Department of Chemistry , Stanford University , 318 Campus Drive , Stanford , California 94305 , United States.
J Phys Chem B. 2018 May 31;122(21):5291-5299. doi: 10.1021/acs.jpcb.7b06896. Epub 2017 Oct 3.
We recently showed that the time-structure-based independent component analysis method from Markov state model literature provided a set of variationally optimal slow collective variables for metadynamics (tICA-metadynamics). In this paper, we extend the methodology toward efficient sampling of related mutants by borrowing ideas from transfer learning methods in machine learning. Our method explicitly assumes that a similar set of slow modes and metastable states is found in both the wild type (baseline) and its mutants. Under this assumption, we describe a few simple techniques using sequence mapping for transferring the slow modes and structural information contained in the wild type simulation to a mutant model for performing enhanced sampling. The resulting simulations can then be reweighted onto the full-phase space using the multistate Bennett acceptance ratio, allowing for thermodynamic comparison against the wild type. We first benchmark our methodology by recapturing alanine dipeptide dynamics across a range of different atomistic force fields, including the polarizable Amoeba force field, after learning a set of slow modes using Amber ff99sb-ILDN. We next extend the method by including structural data from the wild type simulation and apply the technique to recapturing the effects of the GTT mutation on the FIP35 WW domain.

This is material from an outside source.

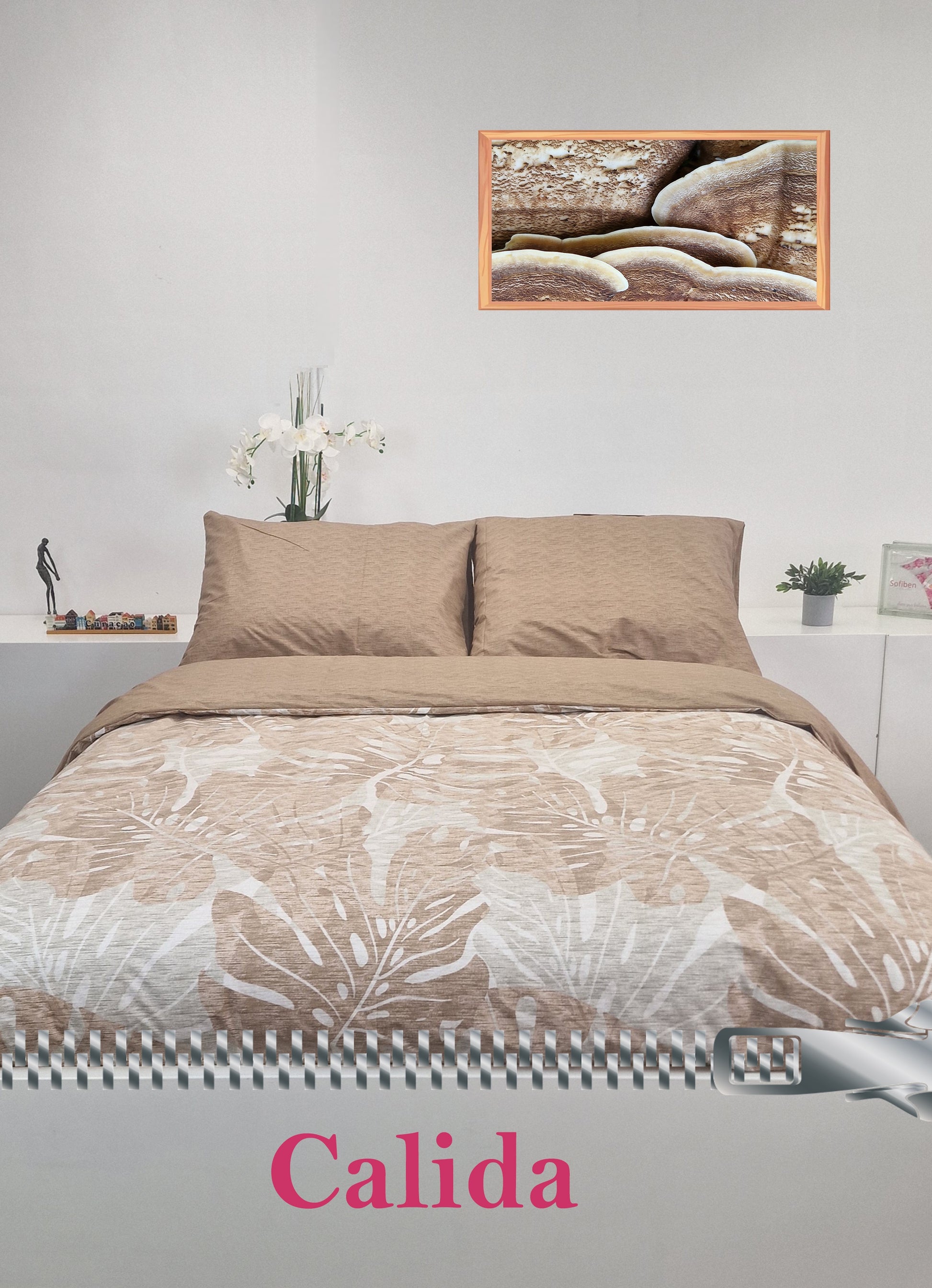 Het dessin Calida is een prachtig dessin. Het dessin zijn bladeren van de gatenplant en zijn subtiel op de stof geverfd. De kleurstelling is verschillende kleuren bruin ecru en grijstinten.

我们最近表明,来自马尔可夫状态模型文献的基于时间结构的独立成分分析方法为元动力学(tICA-元动力学)提供了一组变分最优的慢集体变量。在本文中,我们通过借鉴机器学习中的迁移学习方法的思想,将该方法扩展到相关突变体的有效采样中。我们的方法明确假设在野生型(基线)及其突变体中都发现了类似的慢模式和亚稳态。在此假设下,我们描述了几种使用序列映射的简单技术,用于将野生型模拟中包含的慢模式和结构信息转移到突变体模型中,以进行增强采样。然后可以使用多态贝内特接受比将结果模拟重新加权到全相空间中,以与野生型进行热力学比较。我们首先通过在不同的原子力场(包括可极化的Amoeba 力场)中学习一组慢模式后,重新捕获丙氨酸二肽动力学,来验证我们的方法。接下来,我们通过包括来自野生型模拟的结构数据来扩展该方法,并将该技术应用于重新捕获 GTT 突变对 FIP35 WW 结构域的影响。